# Data recovery from microSD card



## meetdilip (Mar 23, 2016)

Can Recuva recover from microSD card ? If not, any other tools available ? Free if possible.


----------



## nac (Mar 23, 2016)

meetdilip said:


> Can Recuva recover from microSD card ? If not, any other tools available ? Free if possible.


Why don't you try and see if recuva works or not?
If that's not working, try this The Best Data Recovery Software |*MiniTool Power Data Recover


----------



## abhinav_sinha (Mar 24, 2016)

It might given that you haven't put some new data after deleting the old ones, but the recovery might not be able to recover the file completely.
I tried once and the file was there to recover but the status was non-recoverable even though I tried to recover just after deleting. I tried several software but none were successful on microsd.
Try ASAP, you might be lucky.


----------



## amit.tiger12 (Mar 24, 2016)

Use card reader for memory card and try all recovery software..
Adding up all will give you best result.
I tried 7 softwares for 2 memory card, you can try


----------



## airjackali (Jul 7, 2016)

> Why don't you try and see if recuva works or not?
> If that's not working, try this The Best Data Recovery Software |*MiniTool Power Data Recover



i tested Recuva to recover deleted photos on my LG G3. It didn't scan any deleted photos from my sd card.


----------



## SaiyanGoku (Jul 7, 2016)

airjackali said:


> i tested Recuva to recover deleted photos on my LG G3. It didn't scan any deleted photos from my sd card.

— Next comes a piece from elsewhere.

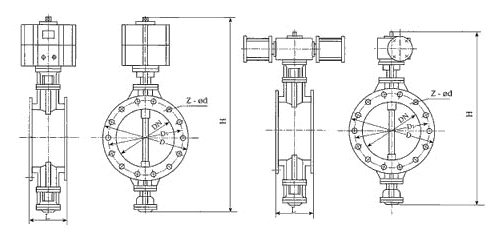 TD641W氣動通風蝶閥主要外形連接尺寸 單位:mm
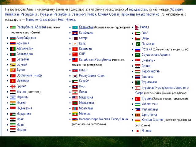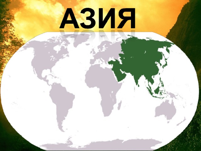 Азия — самая большая часть света, образует вместе с Европой материк Евразию. Площадь — около 43,4 млн км².

Was the card inside the phone or inside a card reader when you tried recovering the data?


----------



## Aaronjacobson (Sep 8, 2016)

Once I lost my data from Micro SD card and I used many software but not any work for me. So, Inform if any work for you!


----------



## amit.tiger12 (Sep 12, 2016)

^ there are many softwares which worked for me..
You can check those softwares on "top ten review" site & search "data recovery software"

Use torrent for premium version or buy those softwares..
Those will help you...


----------